Core Problem: Seismic risk in southwestern Saudi Arabia remains difficult to constrain because source spectra, attenuation, and local site amplification have not been jointly resolved at regional scale.

Key Innovation: Spectral inversion of P- and S-wave records separates source, path, and site terms and delivers attenuation and stress-drop estimates that sharpen seismic-hazard interpretation for the southwestern Arabian Shield.

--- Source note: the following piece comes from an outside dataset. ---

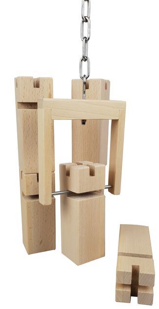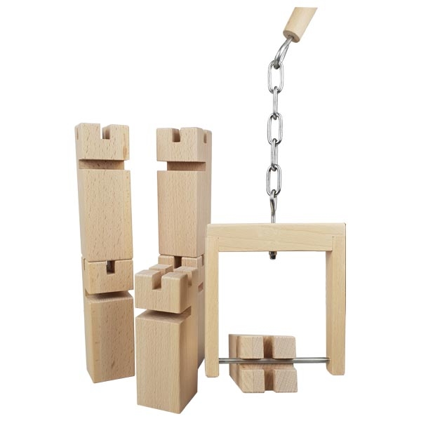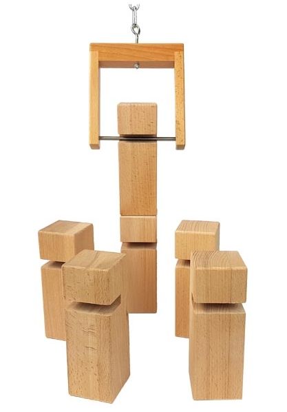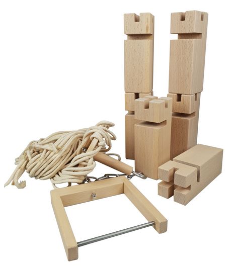 Inhalt: 6 Buchenholz-Klötze, 1 Bügel mit Metallstab, 1 Teller mit 16 Schnüren (je 2 m Länge)
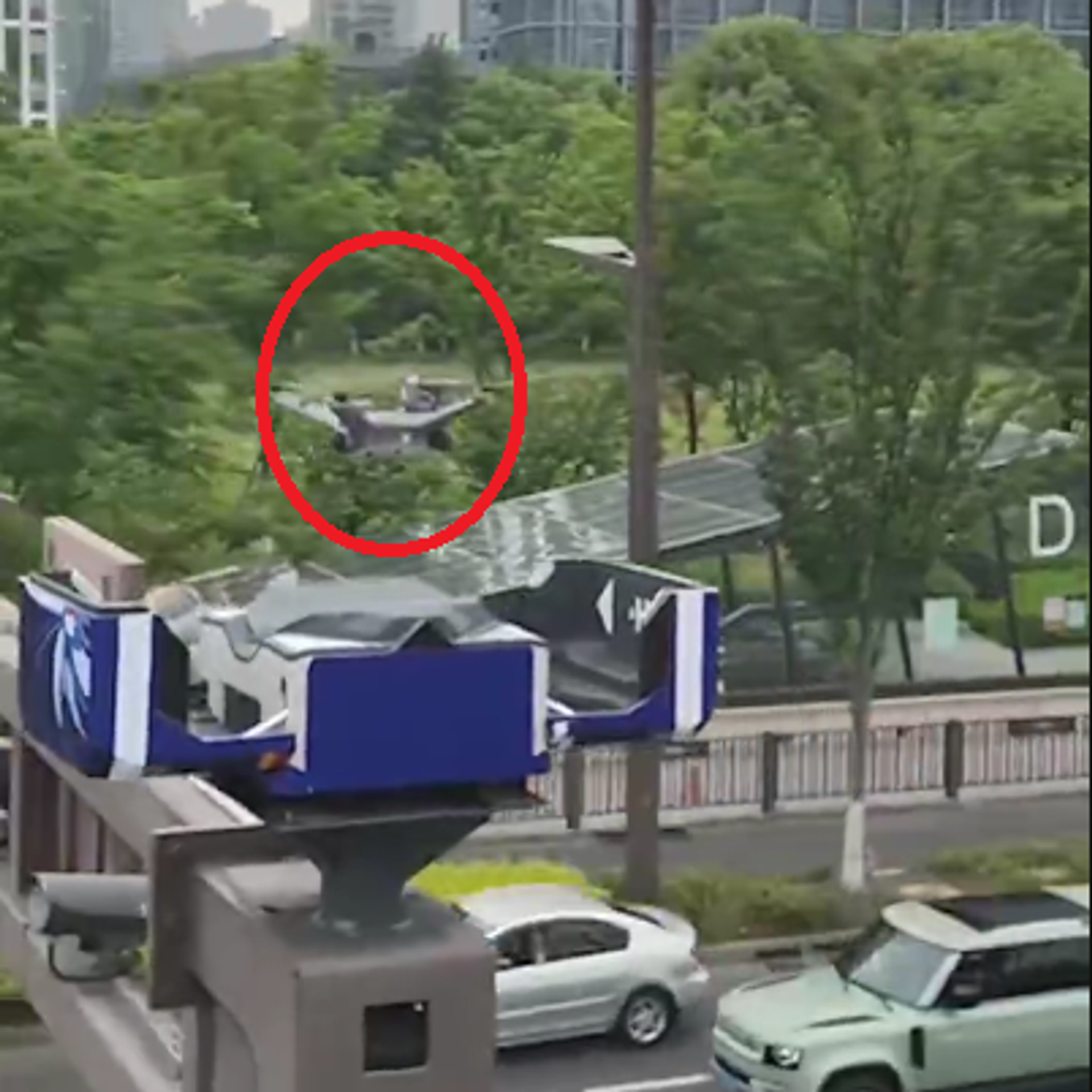 ويظهر في الفيديو منصات إقلاع وهبوط صغيرة للطائرات دون طيار مزودة بتقنيات متقدمة لتشغيل المسيرات بسلاسة، مثبتة على أعمدة إشارات المرور،

25. Research on an intelligent optimization algorithm for P-wave azimuth determination at single stations in high-speed rail earthquake early warning systems

Source: Soil Dyn. & Earthquake Eng. Type: Early Warning Geohazard Type: Earthquake early warning Relevance: 6/10

Core Problem: Single-station azimuth estimation in high-speed rail earthquake early warning must be both rapid and robust, but conventional PCA-based methods remain error-prone in noisy settings.

Key Innovation: A hybrid CNN-LSTM-attention model built on physically optimized P-wave inputs sharply reduces azimuth error and shows that learning-based single-station inference can satisfy high-speed-rail latency constraints.

26. An investigation of resilient community recovery and potential future risks in the long-term development period after major disasters: a case study from China

Source: Natural Hazards Type: Resilience Geohazard Type: Post-disaster recovery Relevance: 5/10

Core Problem: Long-term disaster recovery decisions often force trade-offs between physical safety, economic revitalization, social continuity, and future hazard exposure, but comparative evidence remains limited.

Key Innovation: Fifteen-year comparison of relocation and in-situ reconstruction after the Wenchuan earthquake shows that each recovery mode creates distinct resilience strengths and predictable long-term risk profiles.